Get data and expert opinions about receiving the COVID-19 vaccine while pregnant or breastfeeding.
- Choosing to build or grow a family, or to wait, has become more complicated during COVID-19
- The Mass General Department of OB/GYN provides the full scope of family planning services
- Delivery of care is different during COVID-19, but Mass General is still committed to providing access to safe and effective contraception
Choosing to build or grow a family can be a complex decision for many people, and this decision has only been further complicated by the COVID-19 pandemic.
“Many people are apprehensive to get pregnant at this time or delaying their childbearing for a combination of reasons,” says Katherine Pocius, MD, MPH, medical director of family planning in the Department of Obstetrics and Gynecology at Massachusetts General Hospital, “both related to potential medical risks for mom and/or baby, as well as economic and child care concerns.”
Likewise, decisions about unplanned pregnancies have become more complicated for similar reasons for many people. Mass General remains committed to providing comprehensive, full scope family planning care including contraception and abortion services.
“No matter what your needs, we are here to care for you,” says Dr. Pocius. “Throughout the pandemic, our offices in Boston, Waltham, Charleston, Chelsea and Revere continue to provide these essential services, though we have become more creative with modes of delivery.”

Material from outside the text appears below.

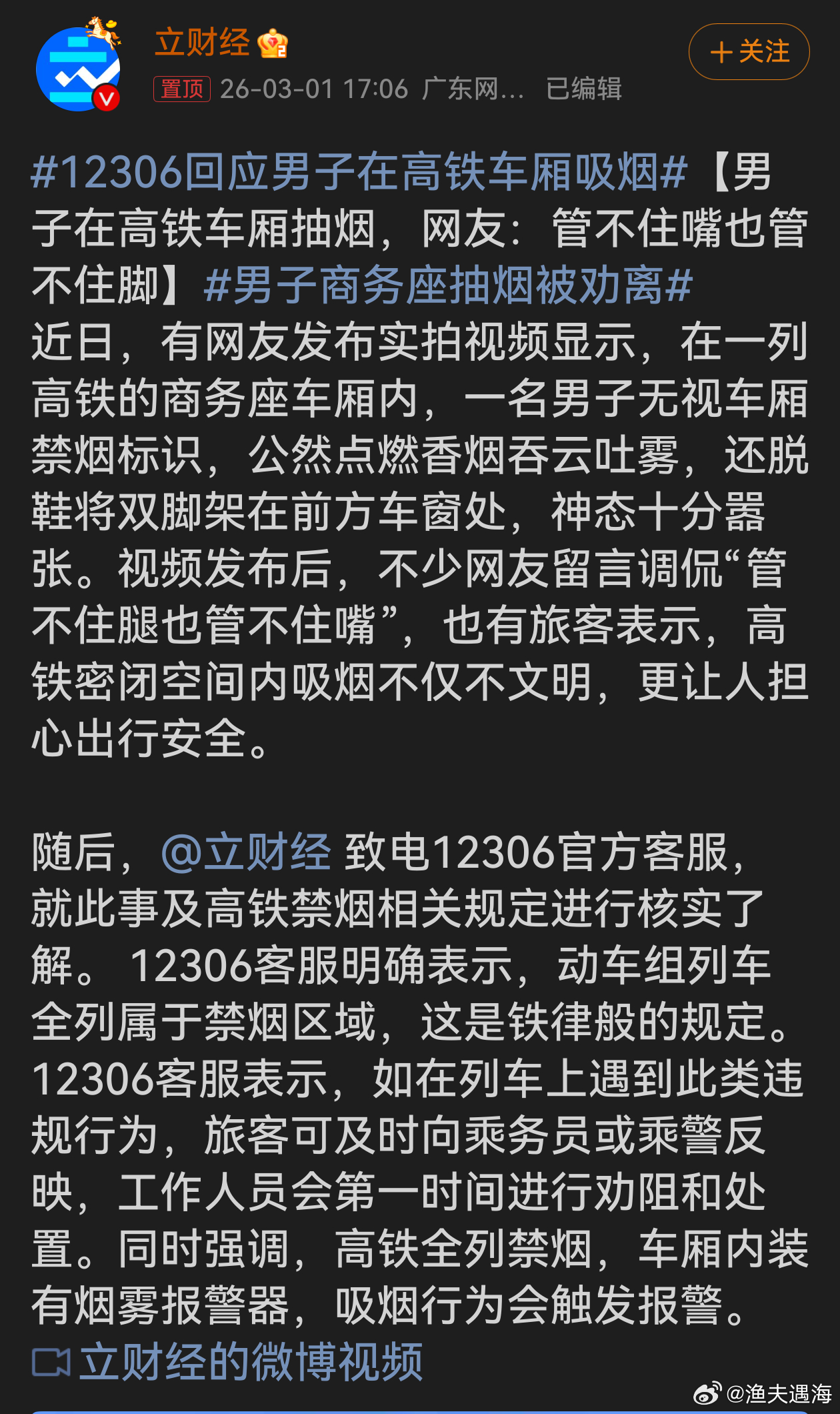12306回应男子在高铁车厢吸烟男子在高铁商务座抽烟、脱鞋,如此嚣张行径实在恶劣。高铁全列禁烟是铁律,关乎公共安全与文明秩序。这种无视规则的行为不能被容忍,旅客应积极监督举报,铁路部门也需严格执法,以维护每一位乘客的安全与舒适出行环境。

Though she understands that there may be some hesitancy to come into the health system, Dr. Pocius assures her patients that the team at Mass General has “restructured much about how we provide in-person care to make coming for care safe while COVID infections continue.”
Contraception in the Time of COVID-19 at Mass General
As in other areas of medicine, delivery of gynecological care has been changed by the COVID-19 pandemic. Access to safe and effective contraception is paramount especially during a pandemic, and the Department of OB/GYN is committed to caring for patients and improving access. As clinicians look toward the future, Dr. Pocius notes three ways that Mass General has changed its approach to contraception care:
- Virtual Visits: Instead of traditional in person office visits, patients now have the opportunity to have virtual contraception visits either over the phone or via video platforms like Zoom. In many situations, patients can now receive the same contraceptive care without physically coming in to the office. This saves both time, money and child care needs for many patient—and minimizes exposure risk. Counseling for all contraceptive methods and provision of prescriptions for contraceptive pills, patches, rings and diaphragm can be provided via virtual visits. Additionally, even patients who require in-person visits for procedures, such as IUD or contraceptive implant insertion, can receive pre-procedure counseling over the phone to minimize time in the office. Dr. Pocius says: “We're encouraging video visits when possible for our gynecology patients. It allows our patients to see us and for us to see them.” She notes that not all patients want to speak over video, and many do not have access, so in those cases phone calls also work
- Minimizing the Number of Visits: At Mass General, the team tries to cover as many needs as possible within one visit, for the sake of convenience and to minimize the total number of visits needed. “I’ve always felt passionately about offering one-stop shopping to our patients,” Dr. Pocius says. “I know it’s a burden to get here and take time off, and the pandemic has further emphasized that if you’re here, we want to do everything physically possible—whether that means counseling, procedures, pap smears, labs, etc.—to minimize the number of visits to the hospital.”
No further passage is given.